Rankin Bass' Cinderella



This is the third episode of Rankin Bass’ Festival of Family Classic that ran on TV in 1973. Every episode is a different story, and some are two parter if they ran more than the runtime of 22 minutes; the stories are bare bone with a limit. Now we’re approaching to Cinderella. *sigh* I barely like this story that may echo in my life in two ways.

The story is about as you basically know it. Cinderella lives with an evil step-mother with two ugly lazy step-sisters as their servant. (One of them is male. Maybe that’s where Shrek 2 got it from.) Cinderella remains at home while her step family goes to the royal ball, until her fairy godmother comfort her by making her in transportation, a pretty dress, and glass slippers to go to the ball to meet her Prince Charming (Derek from Swan Princess or Prince David from Gulliver’s Travels?).

This is one of the stories I couldn’t like, partly because of the famous Disney version I sadly grew up with. The most annoyance I’ve got from that film was the mice, and they were usefully annoying as much more or less as the gargoyles from the Hunchback of Notre Dame, and they got half of the focus. Thankfully Disney didn’t have the mice after Cinderella to sound high pitch as they gave them normal yet less irritating voice, as heard in Ben and Me, Rescuers, Robin Hood, etc. Despite the high pitch voice kind of makes sense given their size. The mice in the Rankin Bass version are tone down, as it focuses on the title character. Obviously people mostly prefer that version with the evil fearing step mother than a useless bitch, the Mary Blair background, most of the music, and less likely the recent remake would capture those  elements.  There have been many versions, before and after. It’s kind of similar to Betty Boop’s version of Cinderella, including with a living jack-o-lantern apparently, and that’s about it for the similarity. Cinderella in this version is just there. She’s pretty, and maybe sneaky with the mousetrap to not set it up, but best to sum her with a funny version of Derek than the less interesting prince they got.

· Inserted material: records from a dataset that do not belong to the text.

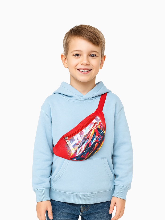 Эта красная поясная сумка создана для активных мальчиков, ценящих практичность и стиль. Она станет верным спутником на прогулках, в парке или во время встреч с друзьями, освобождая руки для игр и сохраняя важные мелочи в безопасности. Динамичный рисунок с транспортом добавляет образу энергии и индивидуальности.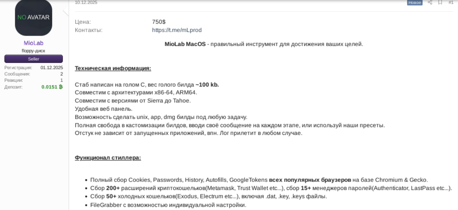 MioLab – MacOS stealer | 24/7 SUPPORT | WEB PANEL | INDIVIDUAL CONFIGURATION | % WORK | VOUCH COPY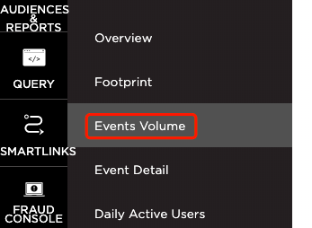 - 选择Analytics>Events Volume。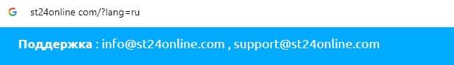 Лохотронщики СТ24Онлайн на своем официальном интернет-ресурсе указывают два адреса электронной почты, а именно: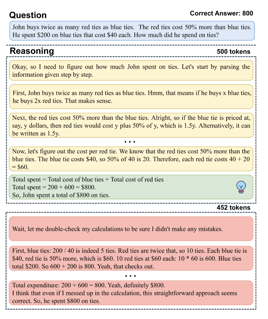 但在这种采样模式下,我们可以从DeepSeek等模型的显式思维链中明确看到:在得出正确答案后,模型通常不会立刻停止并告诉用户答案,而是会继续生成大量无效的验证或重复步骤。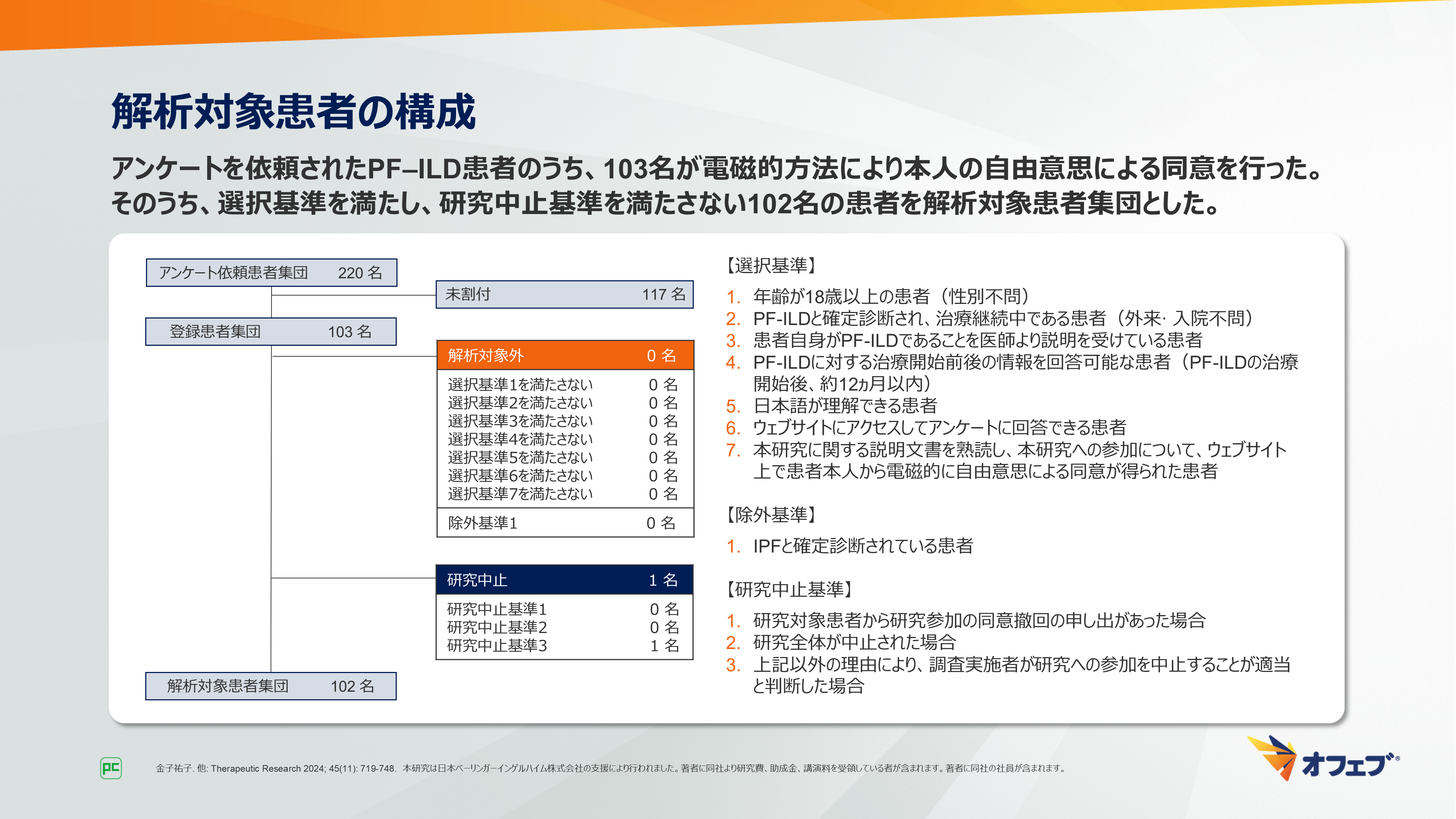 アンケート調査の解析対象患者の構成です。アンケートを依頼されたPF‒ILD患者のうち、103名が電磁的方法により本人の自由意思による同意を行いました。そのうち、選択基準を満たし、研究中止基準を満たさない102名の患者を解析対象患者集団としました(図11)。
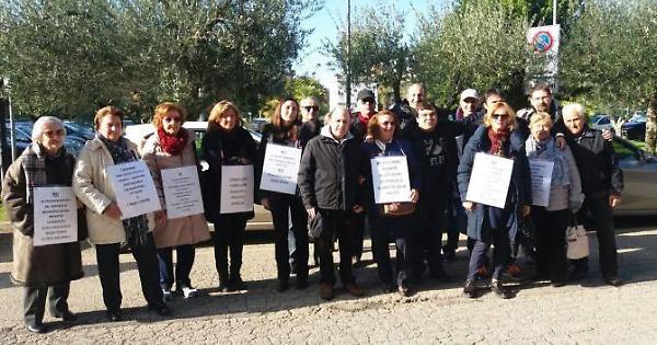 Protesta, questa mattina, del Comitato familiari disagiati psichici sotto il Comune di Aprilia contro il trasferimento in periferia del Centro Salute Mentale e di Neuropsichiatria infantile. Due fasce deboli di cittadini che non vogliono lasciare la sede Asl di via Giustiniano. I familiari dei pazienti hanno tenuto un sit-in silenzioso ma le loro ragioni le avevano impresse su dei cartelli. Al termine dell'inaugurazione del Comune, dopo i lavori di ristrutturazione, i responsabili del comitato si sono anche intrattenuti col sindaco Antonio Terra al quale hanno ribadito le loro ragioni.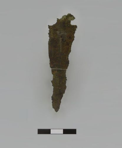 pugnale in bronzo, a base semplice a profilo probabilmente arrotondato a tre fori, base in continuità con la lama, triangolare corta, a costolatura mediana poco accentuata e sezione romboidale
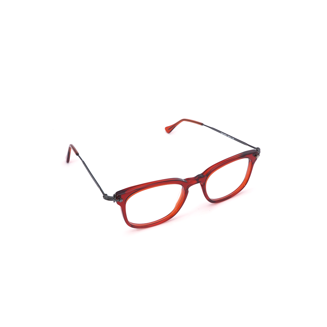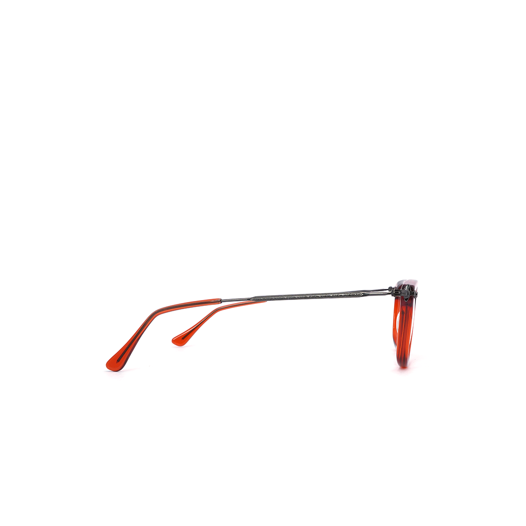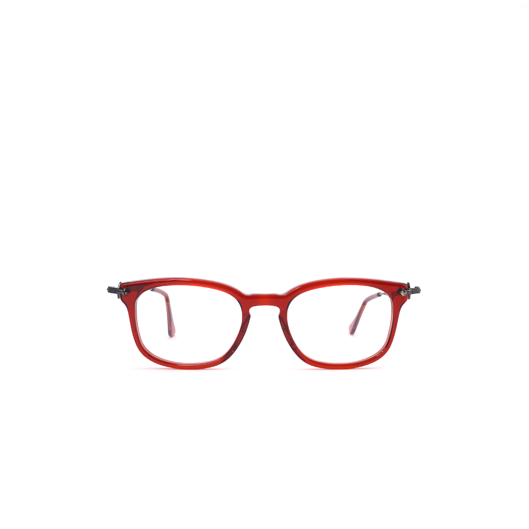 Armazón en color rojo con plateado y lente cuadrado, hecho a mano en Italia.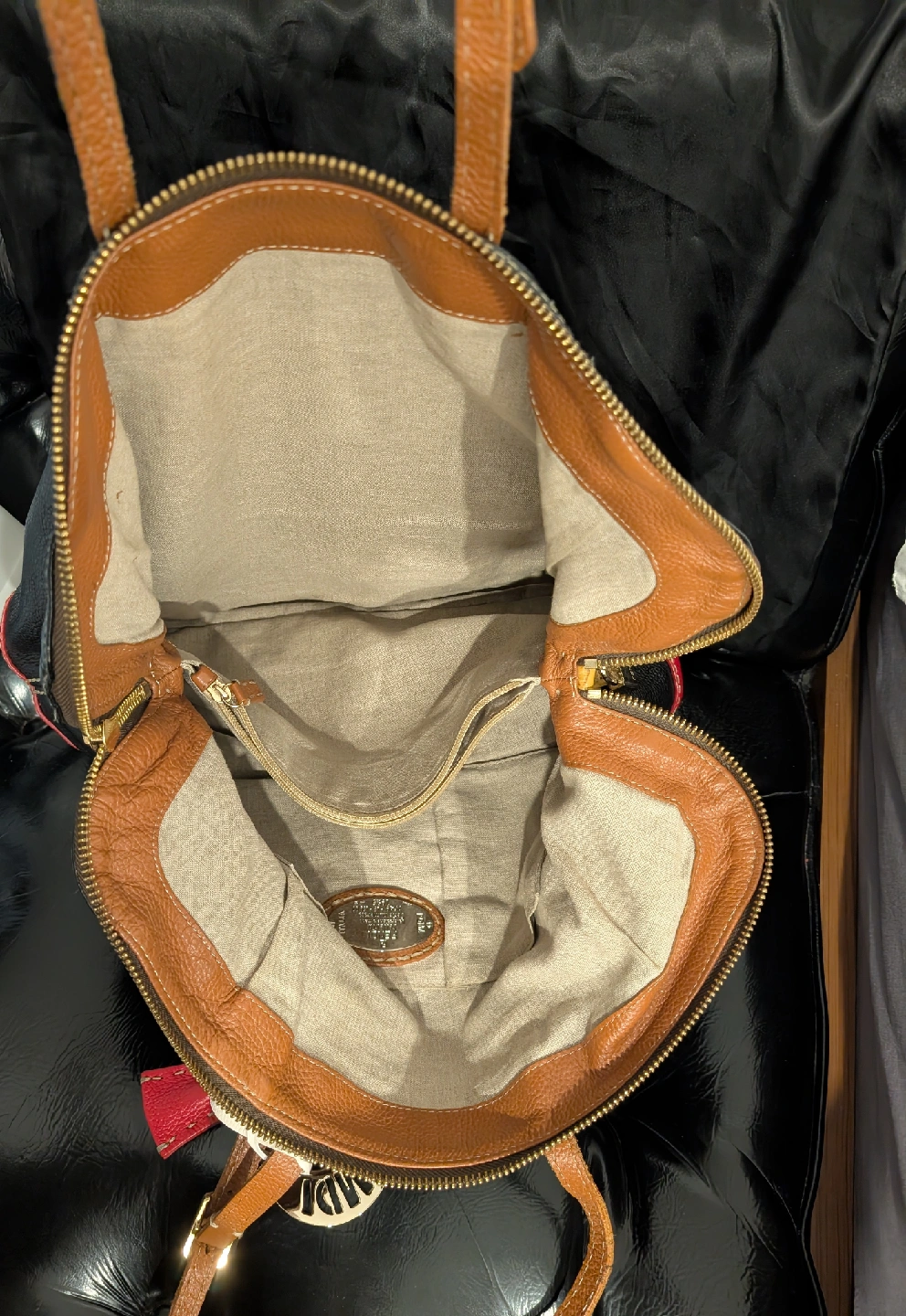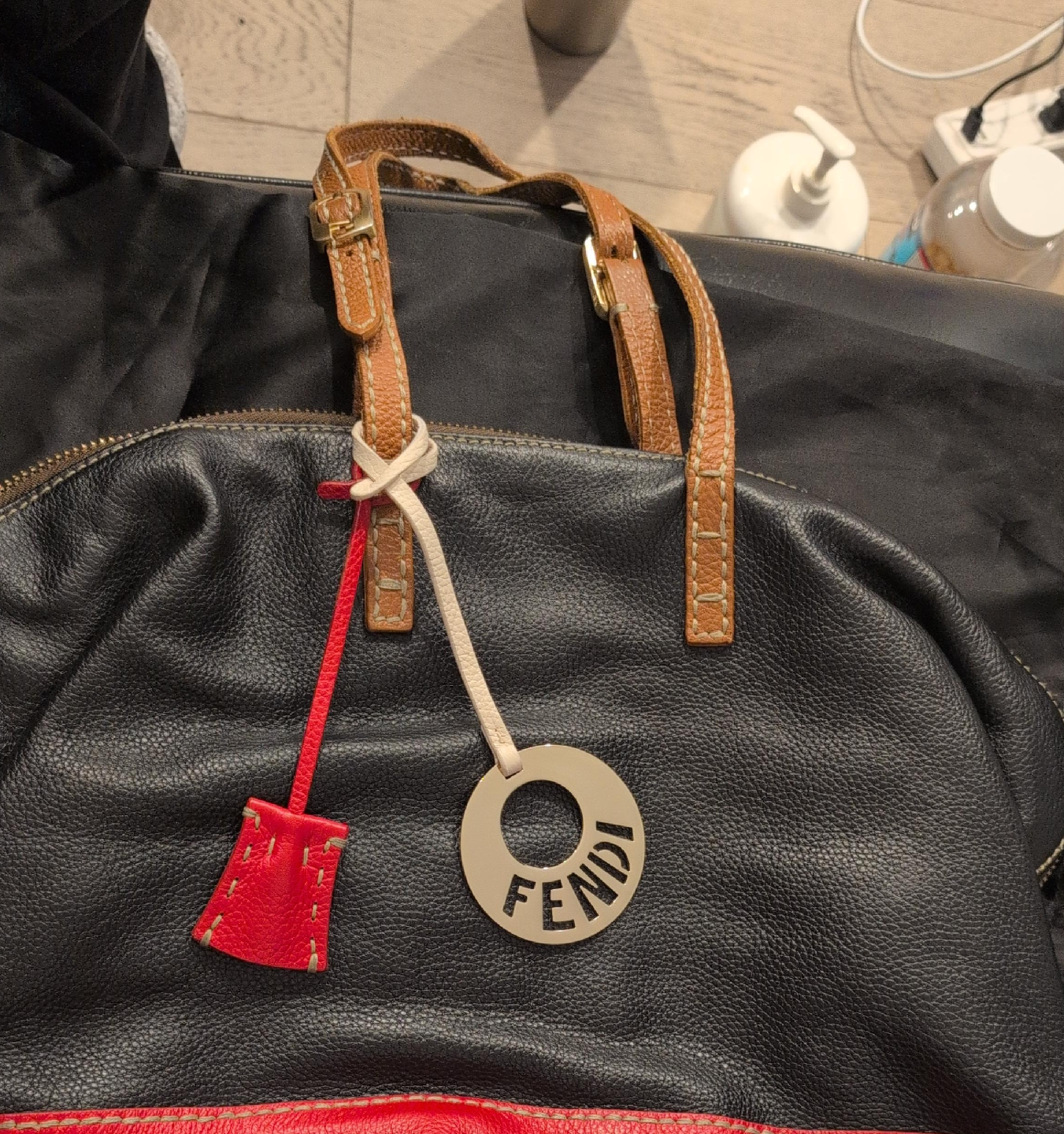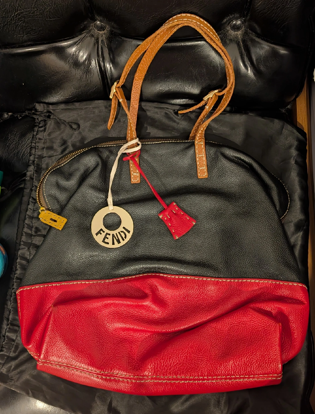 Selling a Fendi Galleria handbag in a stylish black and red leather. It features tan leather straps and a beige fabric interior. This classic Fendi bag is perfect for adding a touch of luxury to any outfit!

“You’re just so beautiful and nothing else!”

-Derek from Swan Princess, dubbed by Doug Walker/ Nostalgia Critic in his review of Swan Princess.

I think the only character that does stand out is the knight, who is an enjoyable doofus to get the message from the kingdom with snarky comment such as comparing the “beautiful madams” in the scroll to the step sisters, or his routine by trying to stay on his horse.

When people think of the best Cinderella, usually Ever After came to mind, yet I haven’t watched that yet. Otherwise, I’ve haven’t heard the best yet. The Rankin Bass version isn’t awful, but not good either, as it doesn’t stand out than a style. We’ll see Cinderella and Prince later in Rudolph Shiny New Year. Many can agree at least it’s better than Cinderella 2.

OK, let’s see what’s the next episode for the series? I hope it’s not another version from a popular Disney film.

*I looked up the episode guide, and the next one is the 2-parter of 20,000 Leagues Under The Sea. I end the review with a Peter Lorre impression.*


Oh no, master! 

1 comment:

  1. Back in my college days I took a "Fantasy and Fairy Tales" class as I had already done Japanese culture and didn't wanna do "Vampire in Society" as Twilight. I found that most fairy tales are dark and gruesome in their original forme and often have cannibalism. Well in the uncut Cinderella the step sisters chop up their feet to fit the glass slipper (Because the prince wont notice mutilated feet) and after Cinderella wins the prince, the birds pop the sisters eyes. Just like The Hunchback of Notre Dame, they changed the ending and had them alive and well in sequels (The Hunchback of Notre Dame GX and Cinderella GT)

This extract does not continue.